[Newsletter] Add Geopolitical Risk to the List of Concerns HR is Facing in Korea

3 min read

If you are a reader of our friends at Erudite Risk’s daily reports on Northeast Asia, you’ll recognize the theme of today’s newsletter: geopolitical tensions are driving a reshaping of capital flows, goods trade, and sentiment regarding Asia—and not in a good way. You’ll recognize it because Rodney Johnson, the president of Erudite Risk, has been harping on that theme (for well over a year now) as a crucial component to understanding what is going on today in Asia. Supply chain reshaping, friend-shoring, and re-shoring is now part of the contextual background noise lying behind so many other trends. 

 The goal, Mr. Johnson says, is no longer to build resilient supply chains, but to avoid risk altogether. The COVID pandemic served as a traumatic wake-up call to many global companies who experienced painful disruptions in the supply chain. Those disruptions continue to haunt CEOs and are now seen in the light of even greater possible future disruptions that would arise in the event of a conflict between the US and China. The conflict has not started, but we are dealing with the ‘fears’ of conflict and those fears are driving change in very real ways. Russia’s invasion of Ukraine hasn’t helped in that regard. It has made the possibility of once unthinkable conflict much more imaginable. 

 The pandemic was a dry run for a geopolitical catastrophe in Asia, and no one liked what they saw. War is possible and any CEO who does not acknowledge that organizational survival is now just as important a strategic goal as financial or market-based success measures is likely to be accused of being asleep at the wheel. 

 So, the reshaping has begun, under the narrative of ‘de-risking’ or ‘de-coupling’. Either way, it means moving away from China and toward other destinations. In some cases those destinations are other places in Asia, in some cases they are not. How safe is manufacturing in Vietnam (and shipping from Vietnam) if a conflict over Taiwan breaks out? Will the impact be minimal or highly disruptive? How close to China is too close? This is not an academic question for those in Korea. 

 This is a hard pill to swallow if you are an old Asian-hand like I am. If you have been doing business during Asia’s rise, it is difficult to think of the future in any other terms than one of progress, development, and even eventual dominance. 

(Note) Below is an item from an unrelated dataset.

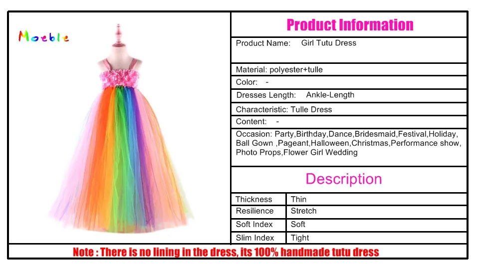 Яркие радужные летние платья для девочек Тюлевое платье-пачка длиной

 Geopolitical risk related to a China conflict is just one more concern for companies in the Korean market. HR managers in Korea already deal with

  •  The demographics time bomb, as fewer and fewer young people are available for employment
  • Changing attitudes toward work and meaning among younger employees
  • A rapidly retiring baby boom generation (approx. 800,000 per year over the next 20 years) that will take with them great amounts of organizational learning when they go
  • Economic changes resulting from slower growth, and changes to asset price valuations, leading to changes in the expectations of Korea’s workforce. Misery is up; hope is down. 
  • Higher inflation and interest rates impacting expected real wages and the perceived benefits from work
  • Already crushing household debt levels (among the world’s highest)

 Korea will not be—is not—immune to the impacts of actions taken today related to fears of a future conflict with China. Some of the repercussions include:

  •  Korea must export to import and Korea must import to survive. Any supply chain disruptions cause major economic upheaval. If companies refuse to use Korea as a base for supply, or use it less, Korea’s trade balances will change dramatically. In fact, they already are. Korea now runs a (probably permanent) trade deficit with China. 
  • Policy changes in the US and Europe will shift more production to those markets. That leads to more Korean companies producing inside their target export markets rather than investing in Korea. This is already happening, driven, for example, by the US CHIPS Act and the US Inflation Reduction Act. 
  • What’s good for Hyundai may not be good for Korea. Ironically, for Korean companies to survive and thrive in the new risk-averse environment, they will become more integrated with their customer markets, rather than less. But more integration may mean more investment overseas; more jobs shifted, more production shifted, and more internationalization. This is home, but the work will be done more elsewhere. It has nothing to do with patriotism and everything to do with survival. Beginning in 2011, Samsung Electronics had more employees outside of Korea than inside. Today it has almost double the number outside than inside. I expect that trend to accelerate even more in the future. 
  • Western companies won’t go home, but how they think about Korea (and Asia) will likely change. It will now become “be in the Korean market for the Korean market” rather than be in the Korean market for everywhere else. That will change investment, hiring, and commitment levels. 

 For HR, all of this implies changes in how business is done that will drive changes in who we hire. Business Leaders in Greater Need of Agility and Adaptability Today. We’ll have to wait and see how it plays out, but the changes are already afoot. Stay nimble, with one eye on what’s happening today and one on what’s coming around the corner.